Kevarsh’s rill dropped limply onto his shoulders, and with an inarticulate squeak he bounded aside to put the desk between him and her. “Get back!” he shouted at her, slashing defensively with the baton. “It is forbidden to turn on your master.”
She grabbed the baton and tore it from his hands. Breaking it in half, she flung the pieces away. “You are not my master,” she growled. “You do not own me. You do not command me. I pray you will live long enough to catch the Dancing Death, you old fool.”
“And you are doomed to the labor camps!” he shouted back. “You’ll pay for this. You’ll crawl on your belly and cry out for death before they’re through with you. You’ll wish your heathen mother had killed you at birth rather than suffer the torture and degradation that every stinking abiru deserves.”
Shoving the desk aside with a strength she didn’t know she possessed, she came at him, knowing nothing but the desire to snap his scrawny neck in her jaws. She wanted to hear him squeal for mercy before she shook the life from him.
Backing up hastily, Kevarsh grabbed the nearest object off the desk and flung it at her. It struck Ampris in the shoulder, heavy enough to slow her. Kevarsh scrambled sideways and reached the linkup before Ampris could stop him. An alarm sounded, startling her.
“The patrollers will deal with you,” Kevarsh told her, his rill as red as his eyes were wild. He flicked out his tongue at her, laughing in triumph. “You fool, they will cut off your hands for stealing, and you will—”
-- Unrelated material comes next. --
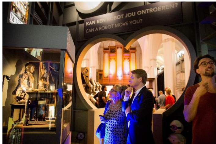
Figuur 5, tentoonstelling Robots love Music

Met de tentoonstelling Robots love Music wilden we een zinvol verband leggen tussen onze historische collectie en het actuele en toekomstgerichte thema van de robotica. We kozen daarbij voor een positieve invalshoek om zo, op een ongedwongen manier, een bijdrage te kunnen leveren aan een maatschappelijk issue. Hiermee hebben we - naast de bestaande doelgroep - een nieuwe doelgroep weten te

Ampris tackled him with the full weight of her body, driving him down in a flailing tangle of limbs and tail. He hit the polished floor hard, his head thumping like a ripe melon, then lay still and crumpled beneath her.
The sudden silence beneath the whooping alarm drove back her anger. She blinked, gulping in air, and for a moment could not think of what to do. If she’d killed him, then her life was finished.
Fresh fear gripped her, shaking her from her daze. This was no time to sit here and shake. The patrollers would be arriving at any minute, and they would give her no chance to explain.
She’d committed how many crimes already? Using her master’s equipment without permission, calling the palace, striking a Viis, maybe killing a Viis. She knew the laws were harsh and absolute. Any abiru attack against a Viis, any instance of a slave’s turning against master, brought death. There was no appeal from such a penalty. The patrollers would probably shoot her on sight.